# Dacentec does not have DDoS protection



## risharde (Nov 7, 2016)

Hi guys, I thought this was interesting since I remembered seeing a post on another forum that Dacentec were beginning to offer DDoS protection. Well it turns out that this isn't true. My dacentec box was hit with a 3 gbit ddos and it was null routed. I am actually glad to finally confirm whether the rumour was true or not.


----------



## MiamiConsultant (Nov 9, 2016)

Did you open a ticket with them?


----------



## risharde (Nov 9, 2016)

Hey! Yes I did after I realised that the ip was down. They confirmed that there isn't any DDoS protection in play.


----------



## HalfEatenPie (Nov 9, 2016)

I didn't know people thought they had DDoS Protection.

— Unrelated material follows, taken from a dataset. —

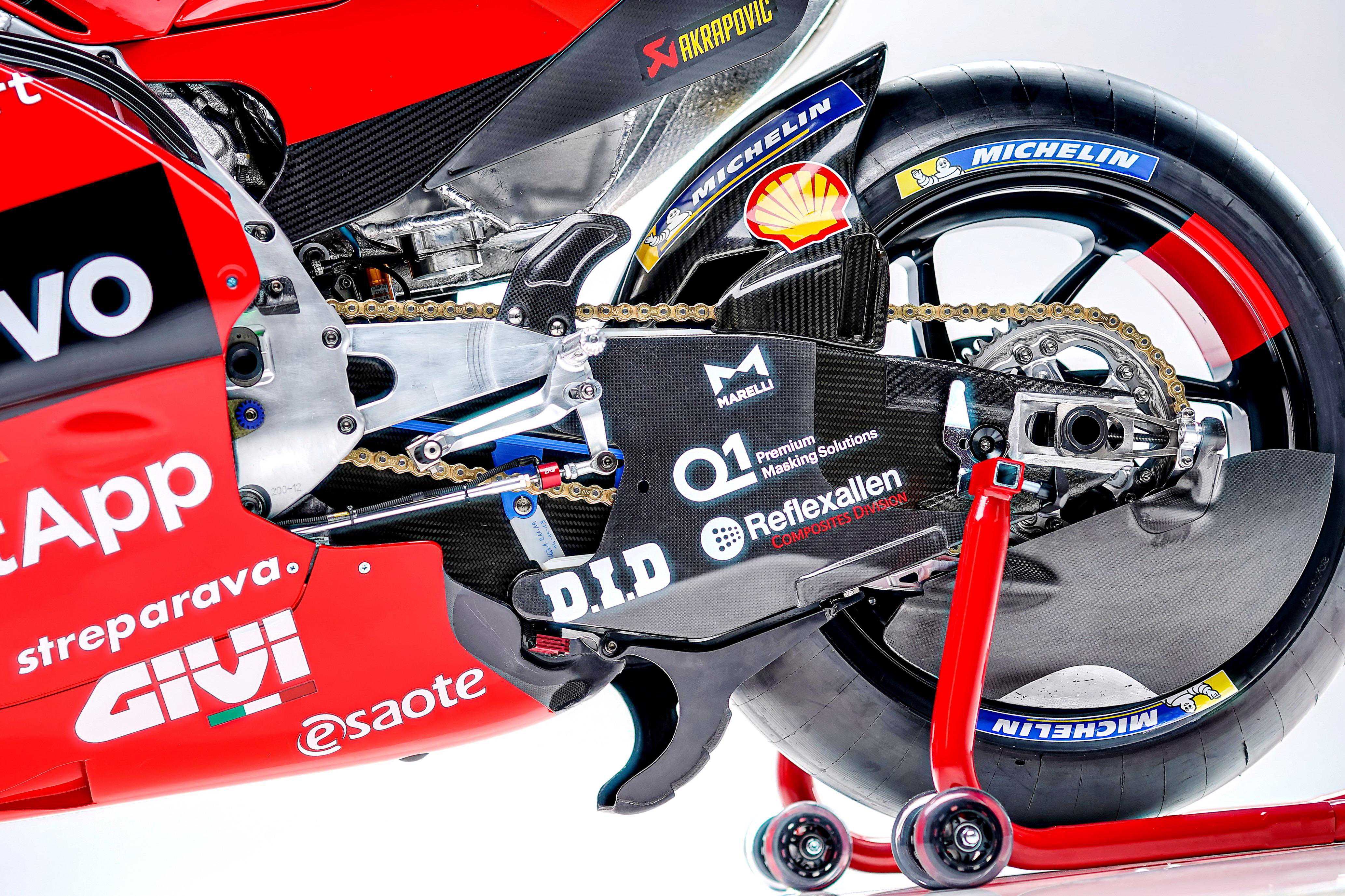 参考去年发布的赛例,今年的MotoGP工厂赛车、被禁止对发动机进行更新,只可以沿用去年的发动机。参阅杜卡迪发布的技术规格,有了一个新图案的DesmosediciGP21工厂赛车,沿用了V型90度四汽缸、DesmodromicDOHC汽动控制的每汽缸四汽阀、赛例所限定的排汽量1,000cc的发动机,最大动力输出超过250匹,干燥重量157公斤(赛例的规定是四汽缸赛车、最低干燥重量为150公斤以上)。

Yeah Dacentec doesn't have DDoS Protection at all.  If you want DDoS Protection probably the easiest way to approach this would be to setup a GRE tunnel from BuyVM NJ.


----------



## risharde (Nov 10, 2016)

Hey HalfEatenPie, yes, someone mentioned it on LET and WHT a while back


----------



## HalfEatenPie (Nov 11, 2016)

risharde said:


> Hey HalfEatenPie, yes, someone mentioned it on LET and WHT a while back



Then the person who did mentioned it were ill informed.  Officially, Dacentec does not advertise DDoS Protection of any form.  


Maybe a reseller or someone took a page out of Nobis Technology's book and advertised auto-null as "DDoS Protection".  Dacentec does do Null routing to protect their network, but other people like Nobis Technology advertised this as "Basic DDoS Protection".  RamNode advertises theirs as RamNull.  Note that these automatic DDoS Mitigation techniques aren't to keep your services online but rather to keep other people's services and the datacenter online without having to show you the door as a client.  


Anyways unfortunate your server was hit.  However in the future I'd suggest looking more into what "DDoS Protection" really means in the provider's side.  As there is no standard definition for DDoS Protection, everything from firewall rules, packet filtering, to null routing is right now bundled under the umbrella definition of "DDoS Mitigation".  Quite unfortunate indeed.


----------



## LiamCyrus (Nov 13, 2016)

Yeah, as a long time Dacentec customer (2+ years) they have definitely never said they're currently offering DDoS protection. The only public statement from them I've ever seen was on a Facebook post a very long time ago where they said it was in the works. I've followed up via ticket numerous times and they have no ETA, so it's definitely not something they've had, have, or will have any time soon.


----------